Being a surgeon, he had seen so many parents lose children and spiral due to guilt and heartbreak. They would always repeat the same things "There must have been something I could have done" or "This is all my fault" . From a medical perspective, he knew that there was nothing a human could do to prevent science. Science defied all odds and this was how Jackson was raised. He, unlike April, was not raised in a church but rather amongst a family of cardiothoracic surgeons who discussed heart procedures around the Christmas Dinner table. But right now as he sat with his head in his hands, he found himself praying to a God he didn't believe in, that somehow, his baby would be alright, although he knew that it wouldn't.
It was late by the time Jackson found the courage to clean himself up and go home, he didn't know where April was but he assumed that she was running around the ER. She liked to take advantage of his late days when she could work extra hours.

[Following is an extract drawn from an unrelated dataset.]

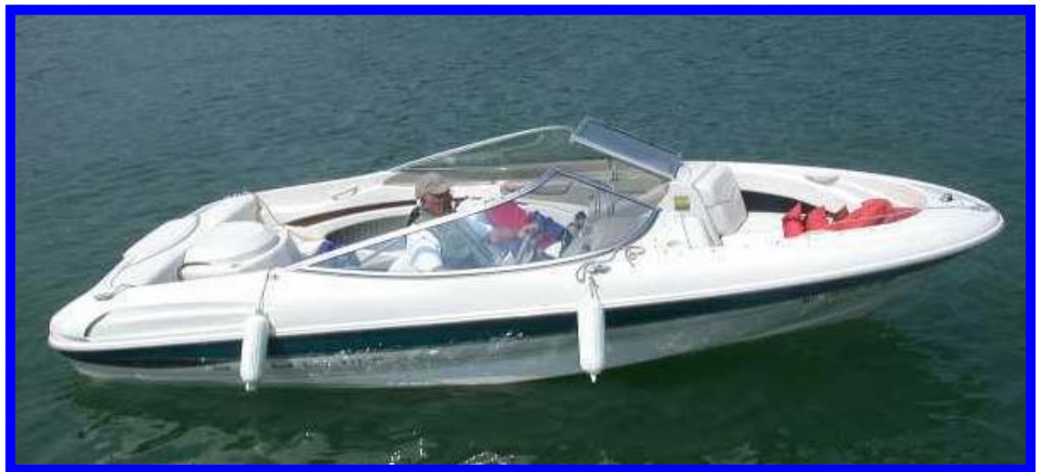
Dad's Toy IV
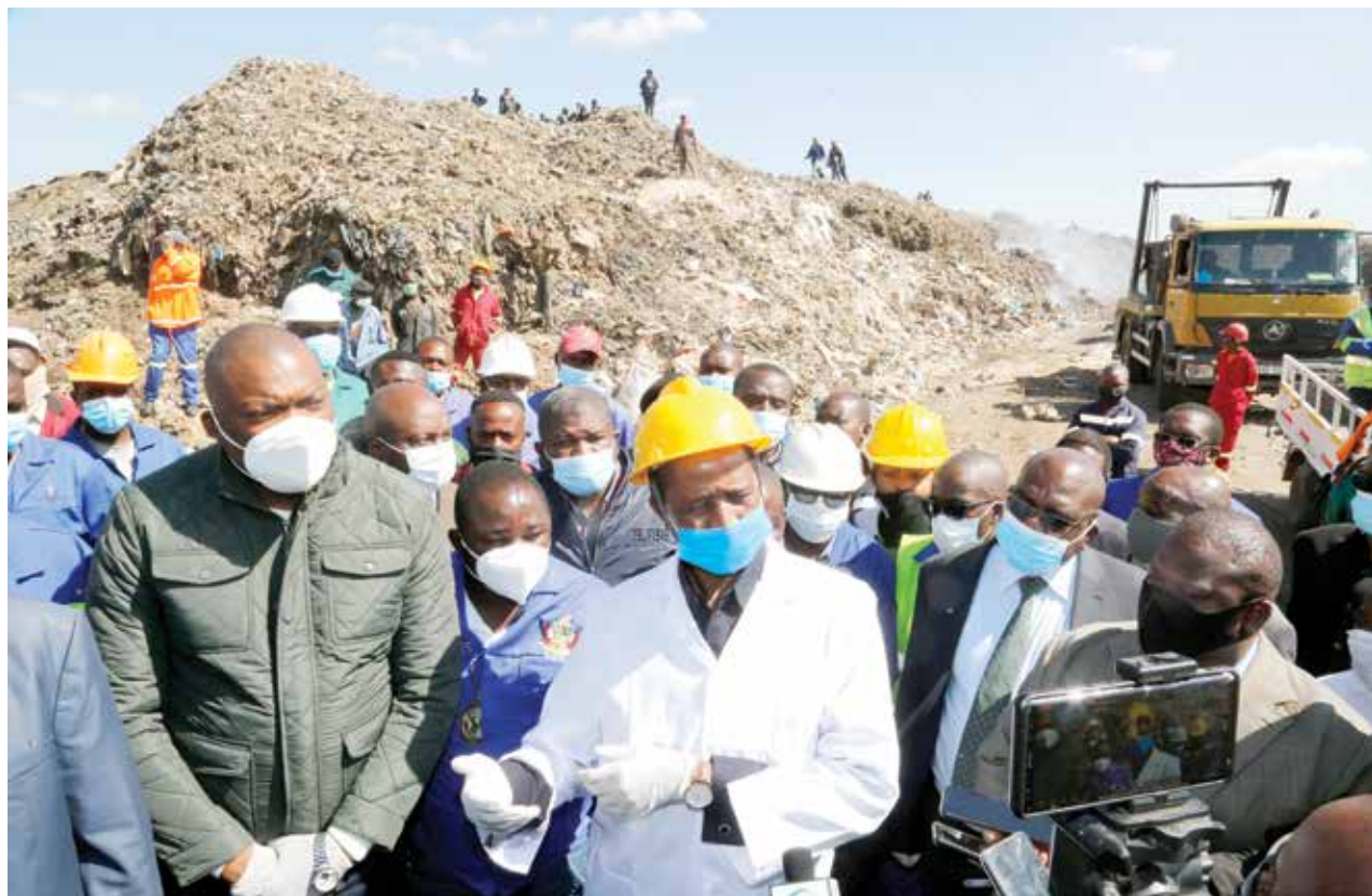
President Edgar Lungu (c) addresses the media after touring the Chunga Dump Site in Lusaka yesterday

Jackson took the stairs one at a time when he saw her bright red head updating a chart at the Nurse's Station. She laughed at something one of the Nurse's said as she handed back the tablet. Jackson frowned. He didn't want to be the one to have to break that, he didn't want to be the one to take the smile off her face because he had done it so many times before, they had finally gotten to a good place, the two of them. They had finally gotten through all the drama of unrequited love and sex in bathrooms and breaking promises to Jesus. But now they were just going to regress.
Jackson turned around before April caught sight of him and bounded up the stairs and into a broom closet. He couldn't tell her. He reached for his phone with shaking hands and scrolled through the contacts. He pressed the green call button. She answered on the first ring. "Jackson! Baby, how are you?!" she exclaimed, Jackson's inhaled a few times, a few shaky breaths. His mother instantly knew something was off. "Jackson? Jackson honey what happened?" Jackson shook his head, "The baby Mom, the baby is going to die"
You can never be prepared for your glass breaking. Nor can you put it back together, once a glass breaks there is always a shard in the wrong place, a shard not sticking together properly. You can't do it yourself. When people break, the immediate thought is therapy, to sit in the plush chairs of a therapist's office and let them tell you how to glue the pieces of your glass back together. But to fix it you almost always need someone else, someone with a steadier hand, a better eye, someone who knows how to fix what broke. Coming out the other end the a better person than you were at the beginning is bullshit. You come out scarred, bruised and beaten, you just seem better because you went through hell. You don't get better, you adapt and you move on.